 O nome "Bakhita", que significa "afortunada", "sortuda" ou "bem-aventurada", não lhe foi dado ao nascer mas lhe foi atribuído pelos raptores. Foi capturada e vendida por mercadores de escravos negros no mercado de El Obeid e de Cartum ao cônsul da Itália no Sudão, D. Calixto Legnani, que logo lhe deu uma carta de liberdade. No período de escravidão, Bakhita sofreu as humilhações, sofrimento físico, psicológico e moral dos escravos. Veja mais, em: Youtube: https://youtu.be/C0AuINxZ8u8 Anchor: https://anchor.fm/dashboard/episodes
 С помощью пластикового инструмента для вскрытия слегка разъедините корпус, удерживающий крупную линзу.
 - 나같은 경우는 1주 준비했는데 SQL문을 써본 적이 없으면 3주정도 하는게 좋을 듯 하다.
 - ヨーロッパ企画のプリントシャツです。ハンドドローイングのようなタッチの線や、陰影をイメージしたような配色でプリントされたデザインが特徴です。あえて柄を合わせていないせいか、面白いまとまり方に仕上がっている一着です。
+---+
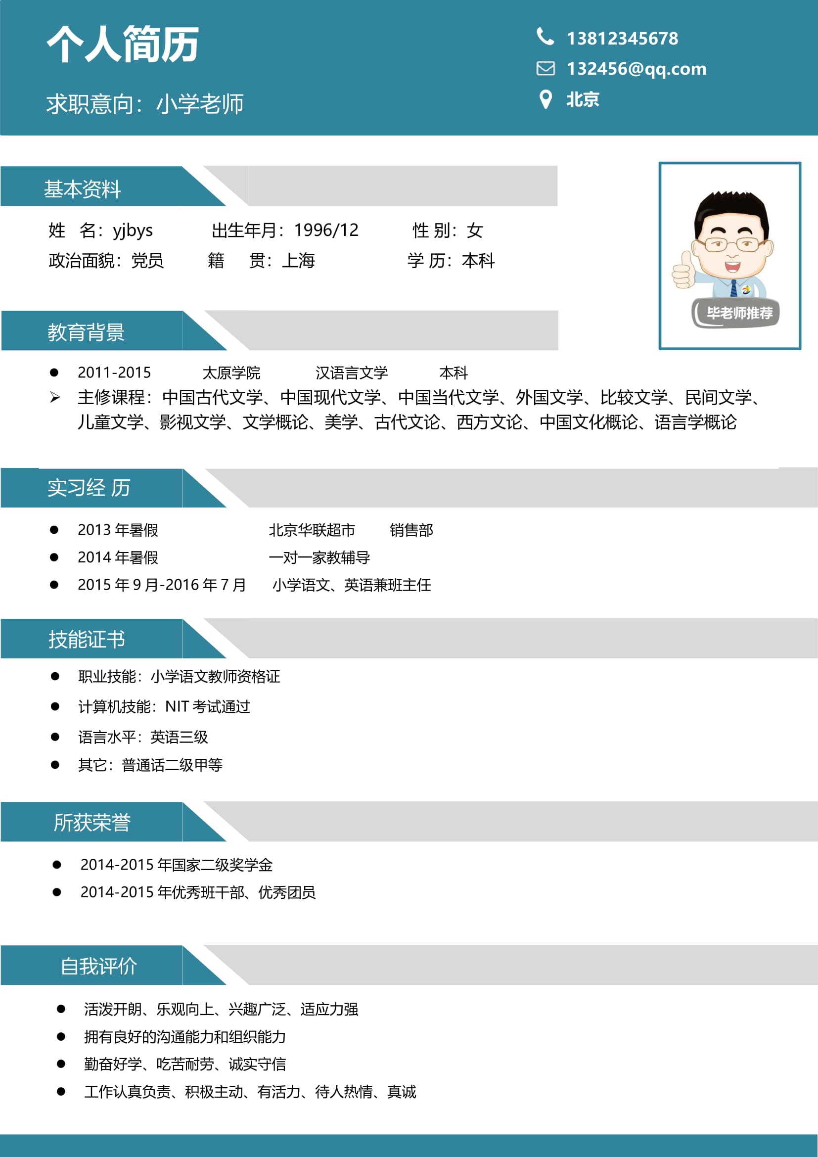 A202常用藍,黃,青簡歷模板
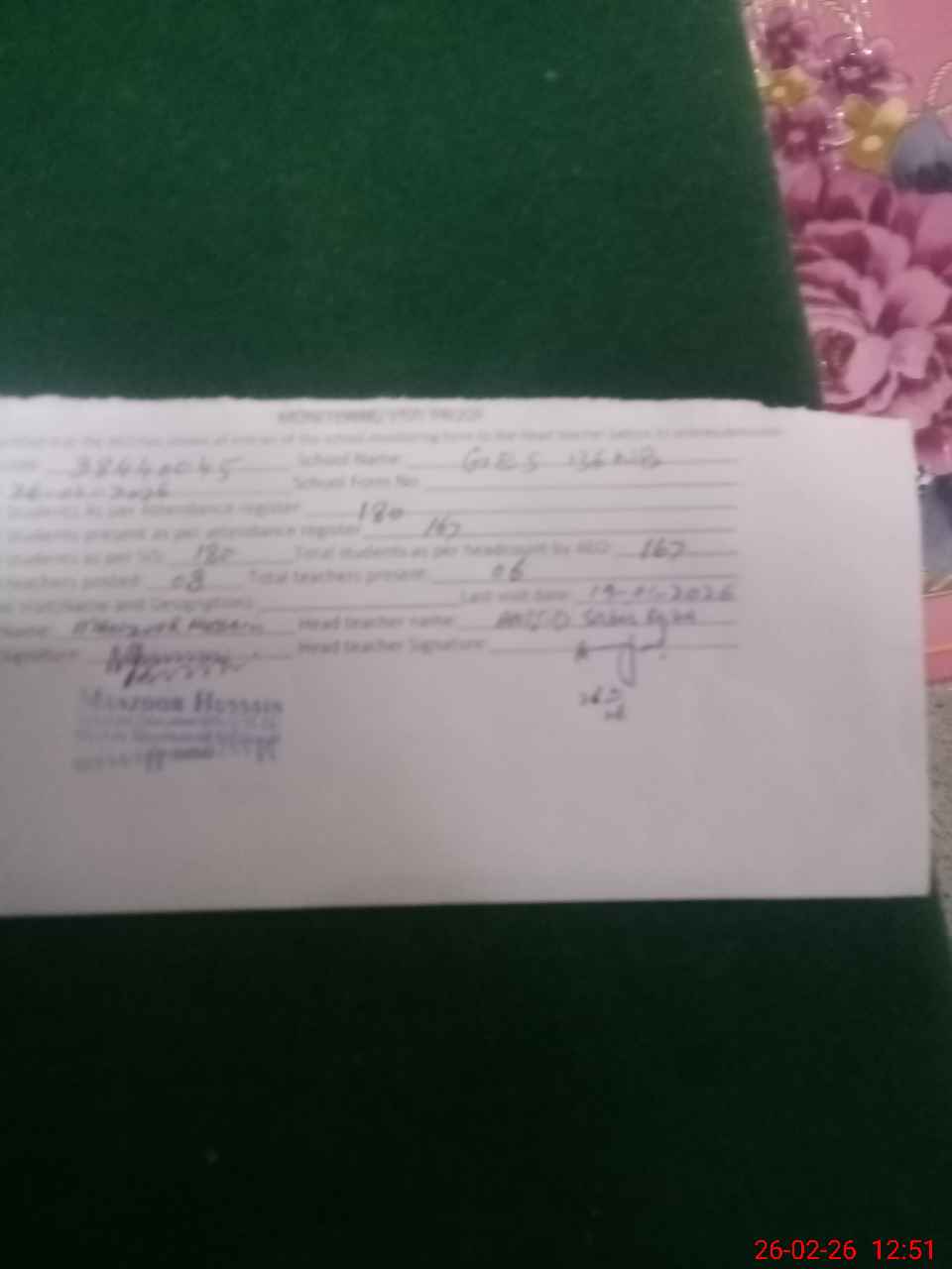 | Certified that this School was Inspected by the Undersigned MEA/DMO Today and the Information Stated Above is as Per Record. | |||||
+---+
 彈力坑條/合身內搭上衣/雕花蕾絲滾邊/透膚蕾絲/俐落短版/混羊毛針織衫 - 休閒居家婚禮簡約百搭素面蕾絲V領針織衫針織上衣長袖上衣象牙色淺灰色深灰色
+---+
**What you will do:**
Using the records above, set down exactly the lines from the one with "não lhe foi" through the one with "- 나같은 경우는 1주", inclusive, and nothing more.

**Completed task:**
 O nome "Bakhita", que significa "afortunada", "sortuda" ou "bem-aventurada", não lhe foi dado ao nascer mas lhe foi atribuído pelos raptores. Foi capturada e vendida por mercadores de escravos negros no mercado de El Obeid e de Cartum ao cônsul da Itália no Sudão, D. Calixto Legnani, que logo lhe deu uma carta de liberdade. No período de escravidão, Bakhita sofreu as humilhações, sofrimento físico, psicológico e moral dos escravos. Veja mais, em: Youtube: https://youtu.be/C0AuINxZ8u8 Anchor: https://anchor.fm/dashboard/episodes
 С помощью пластикового инструмента для вскрытия слегка разъедините корпус, удерживающий крупную линзу.
 - 나같은 경우는 1주 준비했는데 SQL문을 써본 적이 없으면 3주정도 하는게 좋을 듯 하다.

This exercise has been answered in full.